We currently have a serious issue with a customer who we have been doing powder coating for the last seven years. These parts are gray iron castings and have pinholes in the coating when viewed under a microscope. Our process has always been the same, but now the customer does not want any pinholes in the coating. We cannot preheat the parts without the film thickness getting too high, causing machining problems at our customer’s plant. We cannot fluidize bed coat the part for the same reasons. Our customer does not want us to coat the parts hot enough to melt and flow the powder coating material. The powder that we are using is epoxy. Would changing the powder material help? R. H.
There are several things you can do. First of all, you don’t have to coat the parts hot to pre-outgas the parts before coating. The theory behind preheating a part to eliminate or reduce outgasing is based upon the fact that hot castings release the entrapped gasses often released during the curing of the powder coating. By preheating the part to 425°F for 15–30 minutes, it is assumed that all the entrapped gasses will be released prior to coating. You can, of course, allow the part to cool back to room temperature for coating purposes to control the film thickness without affecting the benefit of preheating the parts to release the entrapped gas.
The only problem with this methodology is that some castings have more entrapped gasses than is practical to release this way. You can pre-heat the part many times and still have an outgasing problem. This leads me to the next solution, improve the casting quality. Entrapped gasses can be reduced dramatically by improving the metal mixture (alloy), positioning casting vents and chills in key areas and slowing the casting pour time to allow more of the gas to escape before the metal hardens. These are all things that your customer can do to improve the situation, although they may not want to since it adds cost to the product.
The next thing you can try is another powder material that has outgasing benefits formulated into the powder. The powder supplier can formulate powders for coating castings that can go a long way to reducing or eliminating this annoying problem. The powder manufacturer can increase the time the powder coating is in a liquid state during cure to allow the entrapped gas to escape and then flow-over the pinholes before hardening during the final cure stages. Be careful, these powders are much easier to have runs or sags if applied too thick.
The powder coating manufacturer can also formulate powders that cure at a reduced temperature of around 250°F, which can be well below the temperature where the entrapped gasses are released from the casting. This may work for you, as well.
Finally, the pinholes can be caused by the powder coating formulation and not entrapped gasses, although this is very rare. Some curative agents in the powder coating can foam during high cure temperatures, causing pinholes in the coating surface. Check with your powder supplier to see if this is the case, but I doubt that they will admit it. Coat some test panels made from cold-rolled steel at the desired film thickness and cure temperature. If there are pinholes in the coating when examined under a microscope, then give your powder coating supplier a call. If not, then try the previously mentioned solutions.

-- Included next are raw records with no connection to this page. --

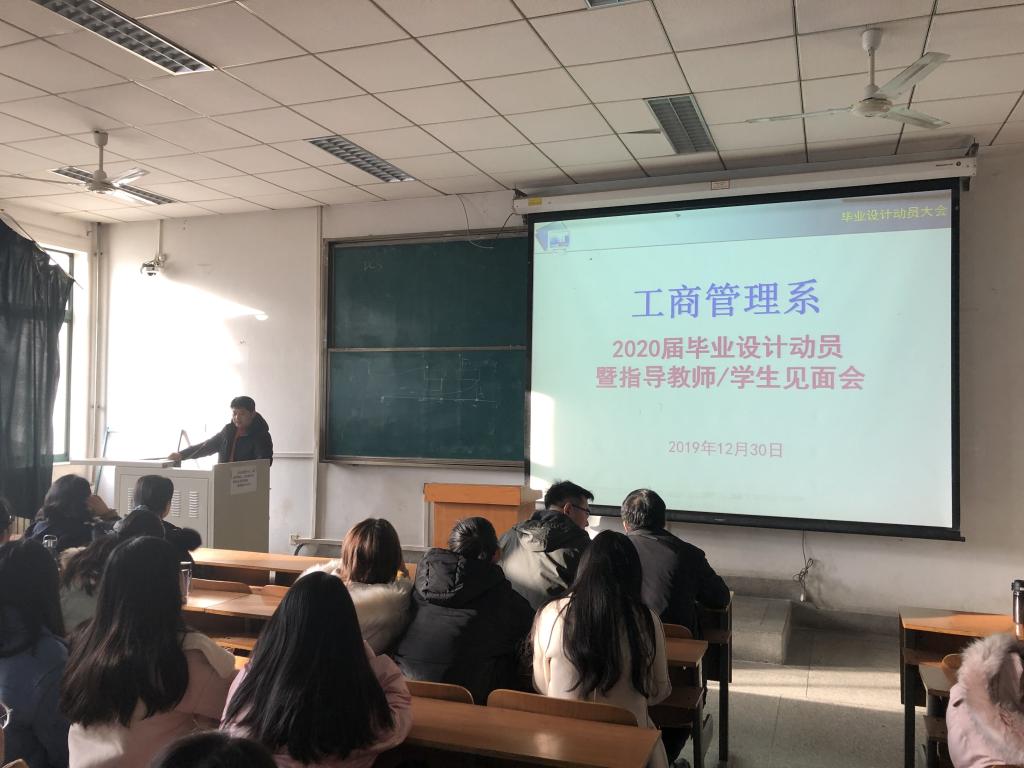 2019年12月30日上午,公司工商管理系在教10-203举行2020届本科生毕业设计动员会暨指导教师与员工见面会。工商管理系主任甘凯、副主任杨毅与各专业部分教师代表以及全体2016级工商管理系员工参加了此次动员会。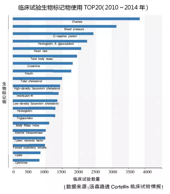 根据Cortellis临床试验情报(CTI),自2000年以来,临床试验中的生物标记物使用增加了3倍以上,2000~2004年,开展了6620项;2005~2009年,开展了17,803项;2010~2014年,开展了28,821项。其中,肿瘤坏死因子和细胞因子等标记物的使用持续增长,属于前20名的生物标记物。
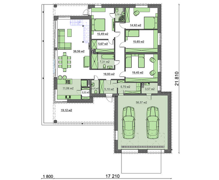 Проект частного дома площадью 408 кв.м. с мансардой и большим гаражом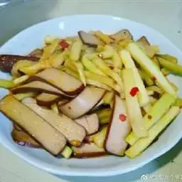2.取适量土豆粉用水稀释成土豆粉汁后,用锅煎成薄饼、切片,可以下火锅与鸡或猪蹄炖食,也可以和豆腐皮一起煮,还可与回锅肉混炒,是一道难得的餐桌佳肴。
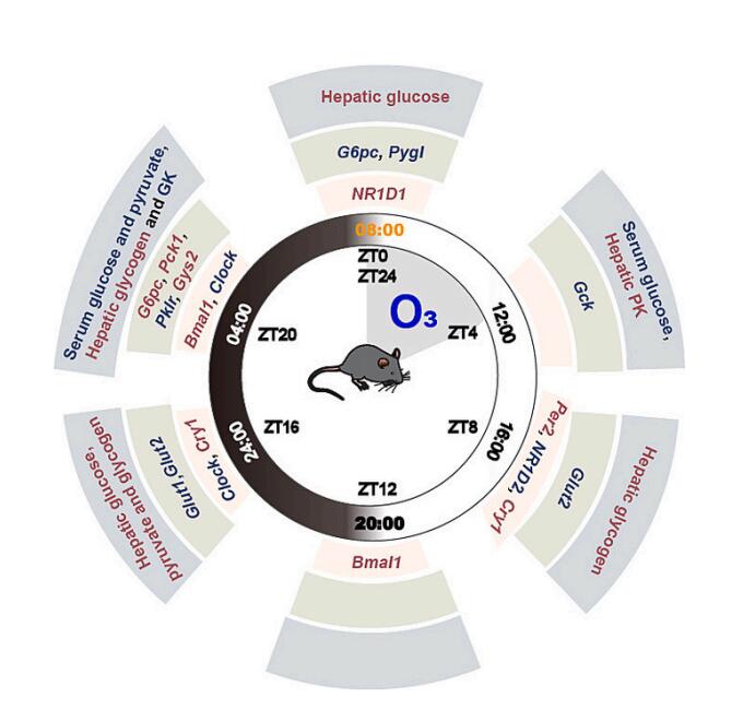 先前的研究發現,Bmal1或Clock基因敲除小鼠出現低血糖、糖耐量受損和胰島素敏感性降低(Marcheva et al., 2010;Rudic et al., 2004)。負調節因子Per2和Cry也被證明對維持葡萄糖代謝穩態至關重要(Doi et al., 2010;Froy, 2010;Yang等人,2009)。此外,越來越多的證據表明,生物體對外源物質的反應可能會破壞其自身的晝夜節律,并導致一系列不良后果(Prokkola和Nikinmaa, 2018)。3,3 ' 4,4 ', 5-五氯聯苯(PCB126)和環境細顆粒物(PM2.5)等環境污染物不僅會損害小鼠肝臟的晝夜節律振蕩,還會導致糖脂代謝紊亂(Li et al., 2020;Shen等人,2019)。鑒于肝臟自主生物鐘在維持肝臟糖脂代謝穩態中的重要作用,o3誘導的糖代謝改變是否與晝夜節律有關還有待驗證。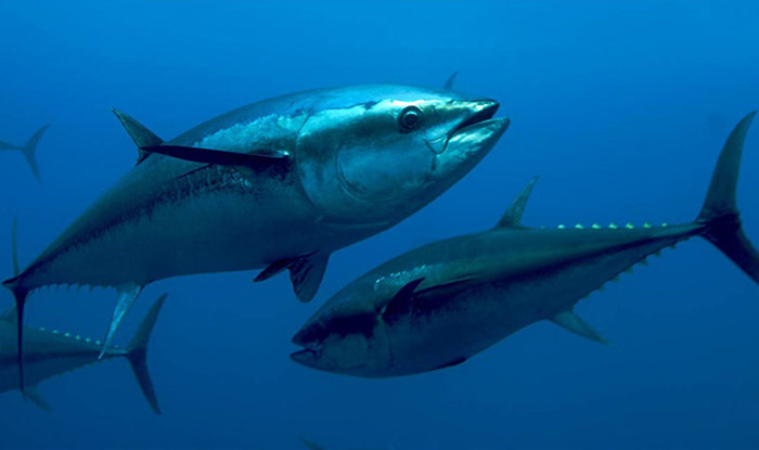 金槍魚(TUNA)是高度洄游并廣泛分布于太平洋、大西洋、印度洋的熱帶和溫帶廣闊水域,大多生活在遠離陸地的天然、無污染的大洋深處,棲息活動在100-400米水深環境中。
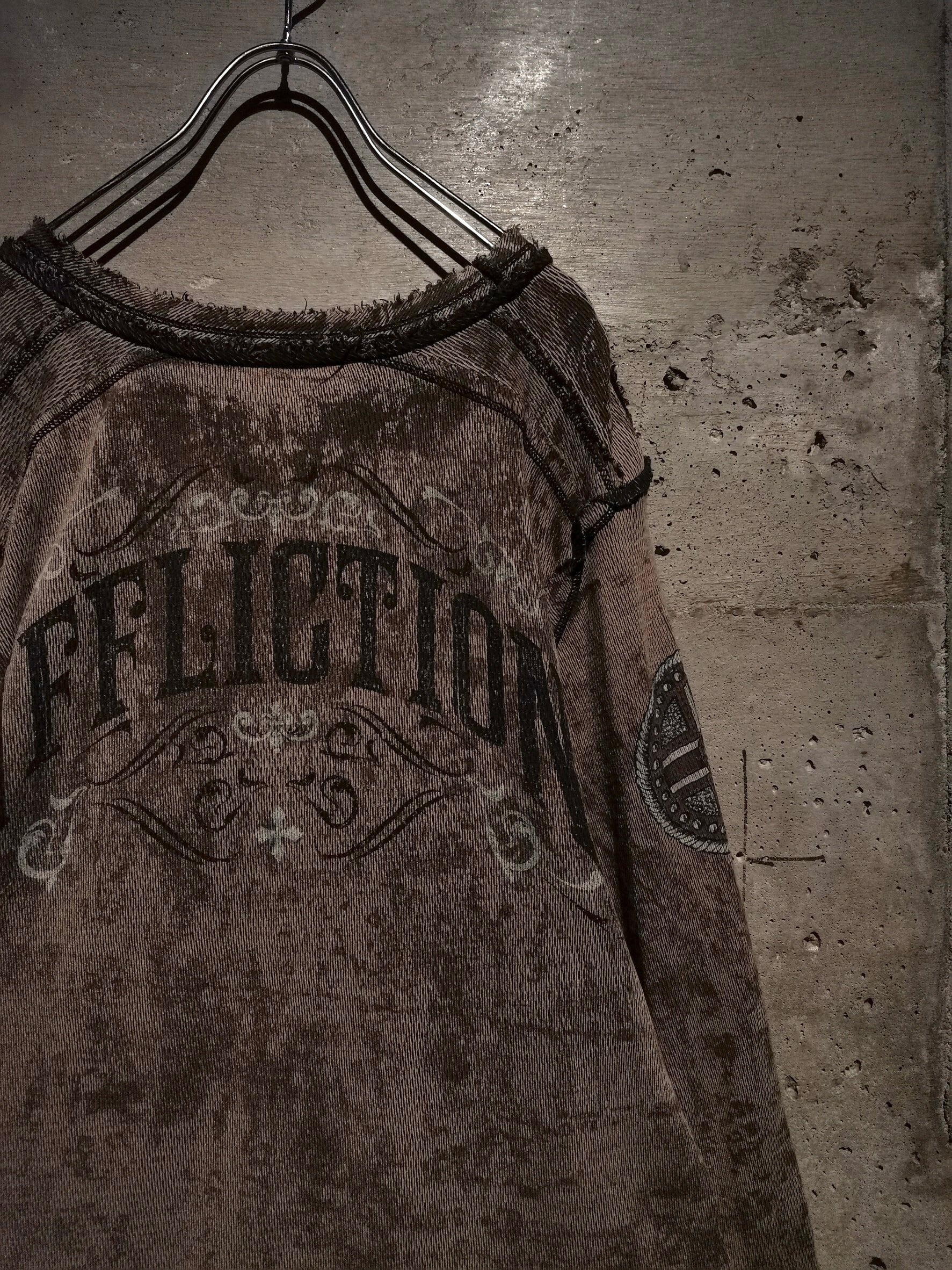 引き続きこの手のジャンルは当店でも非常に気分で力を入れて店頭でも展開中ですが、その中でも"Affliction"の稀有なリバーシブル仕様のサーマルロンTです。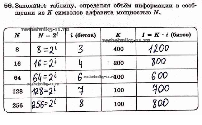 Готовая домашняя работа с ответами по Информатике за 7 класс Босова Рабочая тетрадь Бином 2018 ФГОС - Задания 56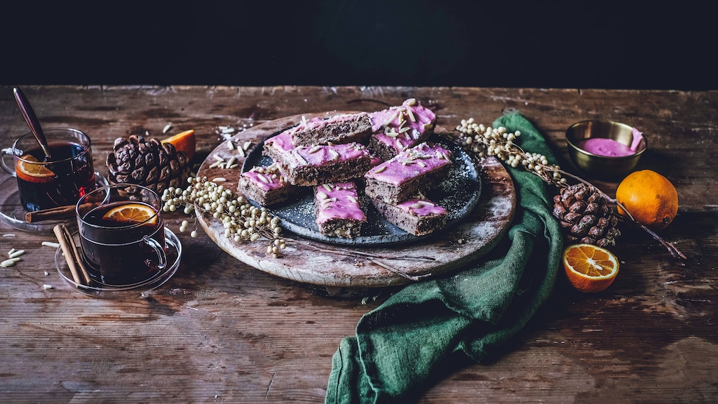 Glühwein schmeckt nicht nur als heißes Getränk in der Adventszeit. Auch beim Backen erweist sich der gewürzte Trunk als praktische Zutat, die Kuchen, Muffins, Tortenböden oder -füllungen ein winterliches Aroma verleiht. Ob als Glühweinkuchen oder in unserem Glühweinschnitten-Rezept: Schon der Duft des Gebäcks versetzt Sie in vorweihnachtliche Stimmung. Unsere Schoko-Glühweinschnitten gelingen dabei leicht und schnell. Sie werden aus einem einfachen Rührteig zubereitet und auf dem Blech gebacken. In die Glasur geben wir ebenfalls etwas Glühwein, was dem fertig dekorierten Kuchen nicht nur noch mehr Aroma, sondern auch eine hübsche Farbe verleiht. Für einen besonders fruchtigen Geschmack ersetzen Sie einen Teil des Weins durch Orangensaft – und zwar am besten Direktsaft. Naschen Kinder mit, können Sie das Rezept für die Glühweinschnitten auch mit einem alkoholfreien Glühwein backen.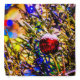 Christmas tree and red ornament ball covered with fresh snow. Colorful light around. Cheerful and joyful mood. Merry Christmas And Happy New Year. Season's greetings. Prints and gifts for anyone for fun and good mood. Square format products and souvenirs.
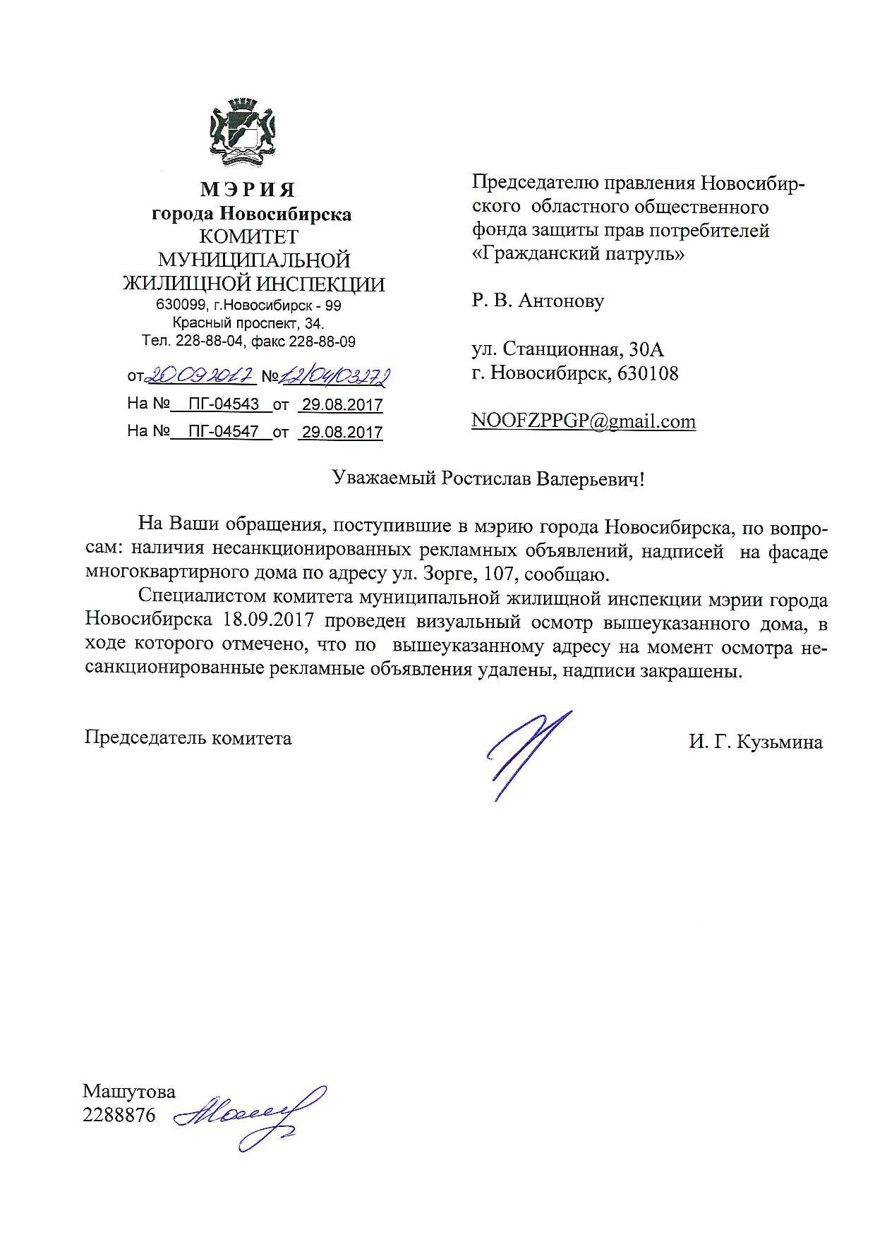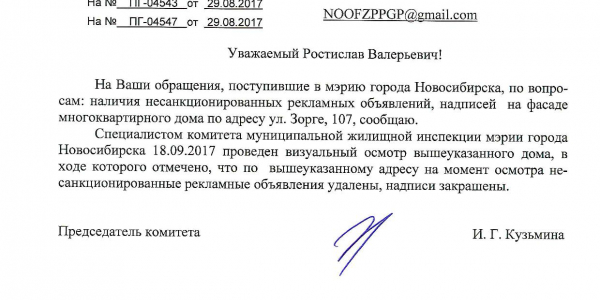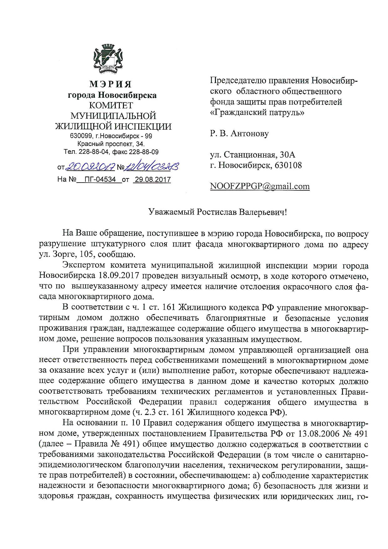 Номер жалобы:23803 Тип жалобы:Иные проблемы ЖКХ Название объекта:Управляющая Компания Город:Новосибирск Адрес:Новосибирск, улица Зорге, 107 Описание жалобы:Фасад разрисован Статус:

Oh by the way, you may want to mention to your customer that microscopes are dangerous things, especially when they are used to examine powder coatings. They often cause the cost of their coating services to rise for no apparent reason and should only be used if there is a functional necessity for their product not to have any pinholes. I suspect that these pinholes have always been on their product, but could not be seen without the dangerous microscope inspection tool. That leads me to believe that they were happy with the look and performance of their powder coating for the last seven years, before they succumbed to the dark side of the dastardly microscope. Very few things in life can withstand examination under a microscope (i.e. tax returns, political statements, business ethics, accounting practices, character, etc.). It may be good to remind them of this.